Letterio Di Francia reported a variant from Abruzzi collected by Finamore with the title La favele de Niccasbarre ("The Tale of Niccasbarre"), wherein the artificial husband is created with flour and sugar. The human princess still has to search for her husband, and is gifted fruits on her way there: a chestnut, a walnut, an orange and a lemon.

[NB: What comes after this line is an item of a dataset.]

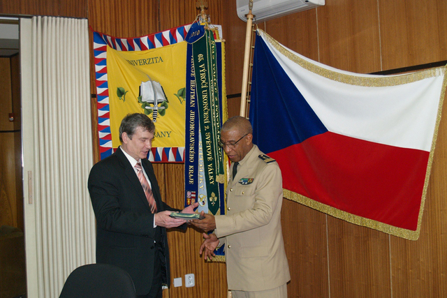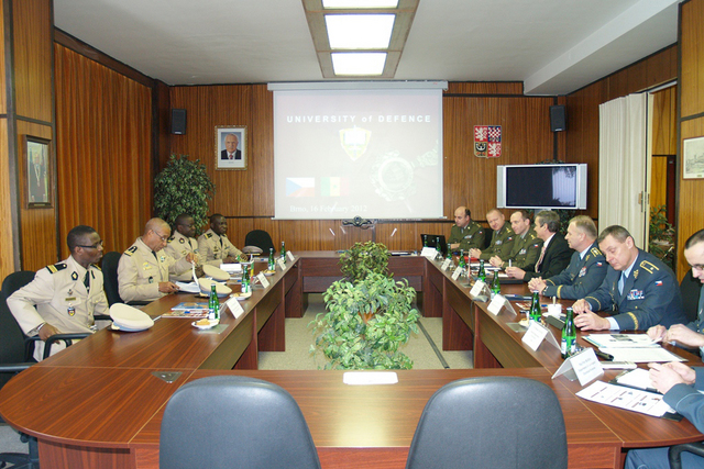 Delegaci ze Senegalu v čele s náčelníkem štábu vzdušných sil Senegalu plukovníkem Alainem J.C. Perierem v doprovodu náčelníka GŠ AČR armádního generála Vlastimila Picka na Univerzitě obrany přivítal její rektor profesor Rudolf Urban
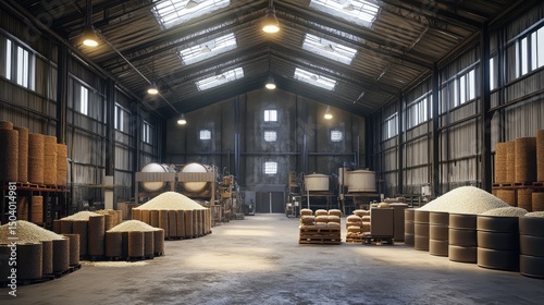 Clean factory scene with several automated rice mills under overhead lights

Author Giuseppe Bonaviri published a tale titled L'innamorato di miele, translated as The Lover Made of Honey. In this tale, a widowed cobbler called Jacob has a daughter named Granata, who, one day, asks her father to buy her a hundredweight of sugar, honey and flour, for she will lock herself up for a year, a month and a day in order to make herself a lover. After the appointed time, she fashions a puppet she leaves in the sun to dry, then blows the breath of life into him, and he becomes a human prince. Some time later, a gypsy caravan passes by the city, and a gypsy woman sees the handsome puppet and admires its beauty, but she slips off. In her rage, she curses Granata that she will not find her lover after seven years and after wearing down seven pairs of iron shoes. Worried, Granata tells her father the gypsy woman's curse and commissions him the special shoes. She wanders through lands until she crosses the Dead Sea and meets three monks, to whom she tells the reason for her journey. The monks, in response, each give her a hazel nut, an almond and a walnut. She continues on until she reaches a large city, then cracks open the walnut, revealing a gold loom inside. She begins to announce she has a gold loom, and the local queen learns of this. Wanting to own the loom, the queen sends for Granata, who finds her lover Sion, made of sugar and honey, has been adopted by the queen, and trades the loom for a night with Sion. The queen, suspecting something, orders a lady-in-waiting named Mafalda to give an opium drink to Sion, so that he cannot react to Granata's pleas. The girl tries to wake him up on the first night, to no avail, then cracks open the almond (which reveals a golden spindle) and the hazel nut (which produces a shuttle of gold), trading their contents for two more nights with Sion. On the third night, Sion wakes up and recognizes his wife/creatress, choosing to go with her instead of staying with the queen.

=== America ===
Folklorist Ruth Ann Musick collected a variant from West Virginia from a man named Jon De Luca, in Fairmont, who learned from his mother, who learned from her mother. In this tale, titled The Dough Prince, a princess who cannot find any fitting suitor, decides to create her own lover: she mixes dough and shapes it like a human male, to whom she gives life with a kiss. As it happens in other tales, the prince is captured by a foreign queen, and his princess goes after him. She meets an old man who gives her three valuable stones and she trades them with the foreign queen for three nights with the prince.